D’une façon générale, l’évaluation des campagnes nutritionnelles connaît de nombreuses limites notamment méthodologiques, les outils de l’évaluation économique élaborés pour les soins et les prises en charge médicaux n’étant pas nécessairement adaptés pour les interventions nutritionnelles.

Économie comportementale

L’économie standard se fonde sur le postulat que les individus sont rationnels, au sens qu’ils sont pleinement informés de l’ensemble des conséquences de leurs actes. L’économie comportementale, en proposant d’associer économie et psychologie dans les mécanismes de décision, permet d’aborder les décisions alimentaires sous un angle moins standard, c’est-à-dire ne réagissant pas uniquement aux politiques fiscales (taxes et subventions) et aux campagnes informationnelles.
L’objectif des politiques publiques en termes d’alimentation est de favoriser la consommation des « bons produits » et de restreindre celle des « mauvais produits ». Les actions comportementales pouvant modifier les décisions alimentaires des individus sont celles portant sur l’information et sur les efforts à produire en relation avec l’acquisition des aliments.
Les informations nutritionnelles semblent avoir des effets sur les comportements des consommateurs, mais elles peuvent être mises à mal par d’autres paramètres (un goût peu ou pas apprécié du produit, une information qui vient en contradiction). Les effets observés peuvent parfois être nuls ou contradictoires notamment en ce qui concerne certains nutriments (sel, sucre, calories inutiles).
Selon l’hypothèse de l’économie comportementale, l’individu est paresseux (préfère généralement l’option la plus simple ou celle proposée par défaut), a des comportements moutonniers (il est plus simple de suivre les décisions des autres), est impulsif (préfère les plaisirs immédiats). Ses décisions dépendent de la façon dont elles sont présentées, et le contexte de décision a une grande influence sur ses comportements. De plus, des biais perceptuels liés par exemple à la taille des assiettes et des verres, font que les individus connaissent mal les quantités qu’ils ingèrent.
Une autre démarche consiste à intégrer des actions non-informationnelles basées sur les biais perceptuels afin de faciliter les prises de décisions (« nudges »).
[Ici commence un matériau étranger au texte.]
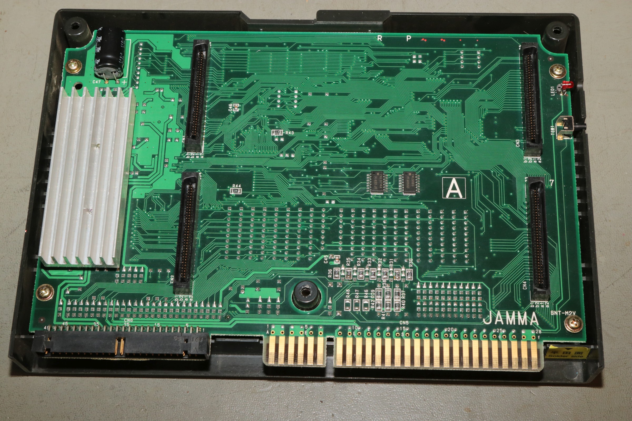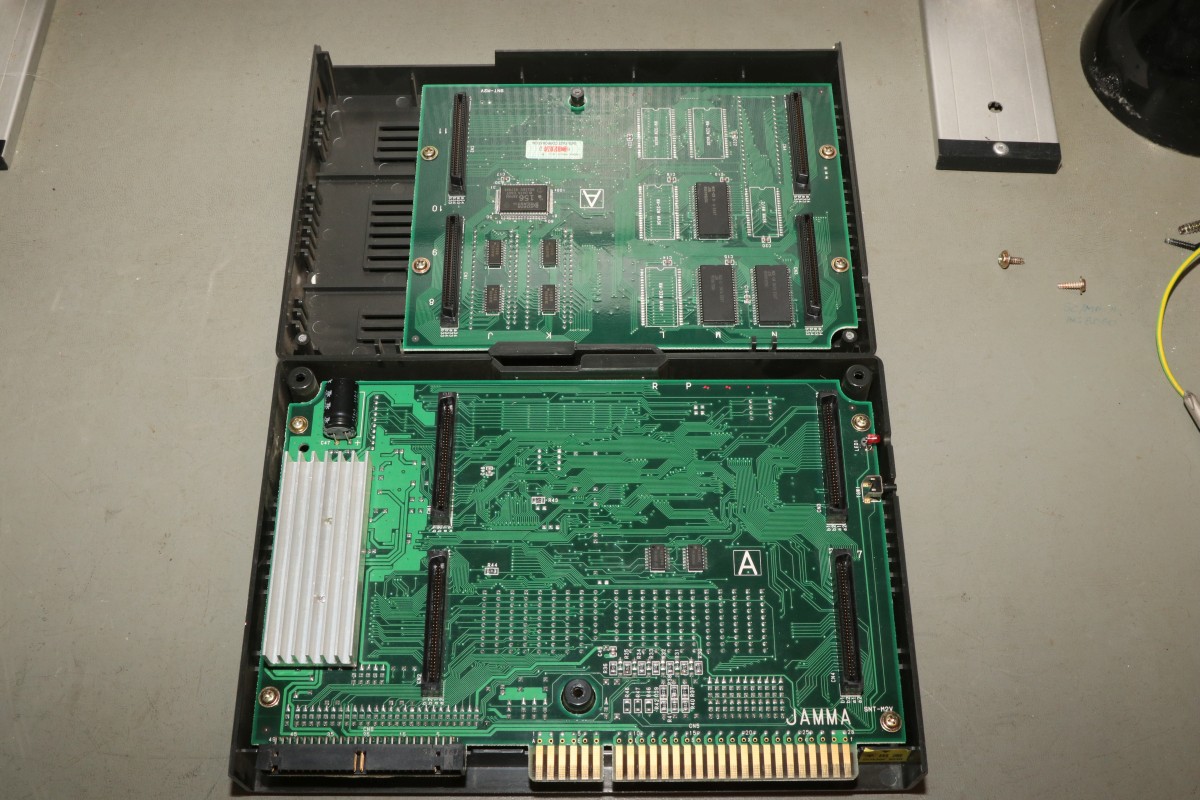 Man kann viel mit Arcadeplatinen machen, aber den JAMMA-Stecker verkehrt herum aufstecken ist eine schlechte Idee! Die 12V für den Audio-Verstärker liegen dann an Button 2 an und das mögen die Eingangsschaltkreise meist nicht.

Ces actions recouvrent les dispositifs favorisant le pré-engagement, l’utilisation d’options par défaut et le détournement de signaux négatifs. Dans ce cadre, les mesures mises en œuvre visent à modifier l’environnement plutôt qu’à communiquer de l’information.
Des exemples d’intervention permettent d’identifier des leviers significatifs, environnementaux (modification de la décoration d’un restaurant, déplacement du bar à salade dans une cantine scolaire) et comportementaux (produits gras et sucrés payables en monnaie plutôt qu’avec la carte de paiement du restaurant).
Au total, les éléments informationnels interviennent sur la qualité perçue des aliments, certaines interventions sur l’environnement de consommation impliquent une appétence spécifique pour certains aliments (à travers la décoration du lieu par exemple), et les autres interventions sur l’environnement (déplacement de rayons, mise en avant de produits, introductions de difficultés supplémentaires) vont agir sur le coût ressenti à travers les efforts augmentés ou diminués.
L’information est le levier le plus largement utilisé, les leviers environnementaux ne sont testés que depuis peu. Il est encore nécessaire d’évaluer à différents niveaux, du laboratoire aux environnements naturels, les effets des différents dispositifs et de leurs combinaisons afin de retenir les interventions qui seraient les plus efficaces au regard de leurs coûts.
Certains auteurs soulignent que les politiques publiques inspirées par l’économie comportementale comportent des risques (notamment vis-à-vis des libertés individuelles) et donc ne doivent pas se substituer aux politiques publiques standards mais venir les renforcer.

Marketing social

Dès les années 1970, le marketing social s’est développé en appliquant les outils et méthodes inspirés du marketing commercial afin d’optimiser les campagnes de prévention notamment en matière de prévention du tabagisme et de consommation d’alcool, mais aussi pour influencer les comportements nutritionnels.
Le marketing social se caractérise par un cadre de réflexion et d’action planifié et systématique, qui repose sur les principes et techniques du marketing pour développer des programmes, services ou produits qui bénéficient à une population générale ou ciblée. L’idée générale en est que si le marketing des entreprises peut influencer des comportements, alors le marketing social peut, en employant des méthodes similaires, influencer des comportements plus vertueux et meilleurs pour la santé des individus.
Différents critères d’efficacité ont été définis à partir des études d’évaluation des actions de marketing social, ils constituent des pistes de réflexion pour améliorer l’efficacité des campagnes publiques :
• engager des recherches pour mieux comprendre les besoins et les motivations des personnes visées afin d’affiner l’objectif des messages sanitaires ;
• en tirer une segmentation de la population afin de développer des campagnes spécifiques pour chaque sous-groupe, par leur message et leurs supports ;
• le recours aux émotions, suscitées par exemple par l’humour, pour obtenir un engagement émotionnel plus fort de la cible ;
• l’utilisation de personnalités, ou de témoignages de pairs, pour construire la confiance et la crédibilité du message ;
• la mise en avant de valeurs communes partagées avec la cible ;
• à côté de la télévision, jouer la complémentarité des médias afin de communiquer de manière plus ciblée, voire individuelle (nouveaux outils digitaux, approche « 360° ») ;
• encourager l’action du consommateur en facilitant sa capacité à comprendre le message et sa motivation à agir ;
• tenir compte du seuil minimum d’exposition en dessous duquel un message a peu de chance d’avoir un impact mais aussi du phénomène de saturation qui entraîne l’indifférence voire le rejet ;
• valoriser des comportements « vertueux » pour indiquer les avantages à changer ses habitudes.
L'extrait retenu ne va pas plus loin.